Penetapan Menteri BUMN itu, melampui wewenang Menkes yang ditetapkan dalam Perpres 99/2020. Jika hal tersebut dilanjutkan, akan menimbulkan persoalan hukum yang akan menyulitkan Kementerian Kesehatan.

Apalagi Menteri BUMN sudah merencanakan menyediakan vaksin untuk vaksinasi mandiri kepada 75 juta penduduk dengan berbayar. “Harganya tidak akan memberatkan pemerintah. Kisaran harganya Rp 200.000,” kata Direktur Utama Bio Farma Honesti Basyir, dikutip dari pemberitaan Kompas.com, 13 Oktober 2020.

Mari kita hitung berapa besar uang yang harus dikeluarkan dari kocek rakyat Indonesia yang harus membayar dua kali suntik, yaitu 75 juta penduduk, di kali Rp. 400 ribu. Berapa ya?, Rp. 30 triliun!

Presiden Jokowi: Vaksin Covid-19 gratis untuk masyarakat

Rabu (16 Desember 2020), Presiden Jokowi mendeklarasikan Pemerintah menyediakan Vaksin Covid-19 secara gratis kepada seluruh masyarakat, dan juga menyediakan dirinya sebagai orang pertama yang siap di suntik vaksin. Surprise!. Pernyataan Presiden dipublikasikan luas di media cetak dan elektronik. Pernyataan itu konsisten dengan Perpres 99/2020 yang diterbitkan pada 5 Oktober 2020 yang lalu.

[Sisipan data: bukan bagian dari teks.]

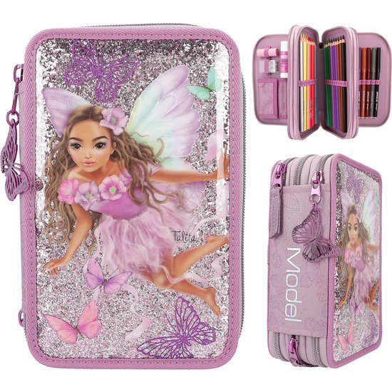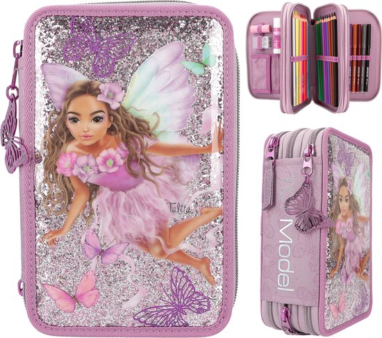 Fairy-fantastisch! De mauve kleurige TOPModel etui heeft een voorkant helemaal versierd met glitter en een fantasievol model die omgetoverd is tot een fee. En fladderend rondom aanwezig: delicate vlinders. Leuke blikvanger: de schitterende metalen vlinder aan de rits. De drie aparte vakken zijn compleet gevuld met 18 kleurpotloden, 18 viltstiften, 2 potloden, een puntenslijper, gum, liniaal, schaar en plakstift.

Oleh karena itu, Menkes harus mencabut Permenkes 6890/2020, yang diterbitkan 5 Desember 2020. Menarik diktum Kelima, yaitu “penunjukan Menteri BUMN untuk melaksanakan vaksinasi mandiri”.

Jika Menkes tidak segera mencabut atau merevisinya, akan menimbulkan kebingungan dan keresahan di masyarakat, sebab Presiden sudah menyatakan vaksin untuk seluruh masyarakat secara gratis, tapi aturan Menkes masih menyebut vaksinasi mandiri, yang dilaksanakan Menteri BUMN.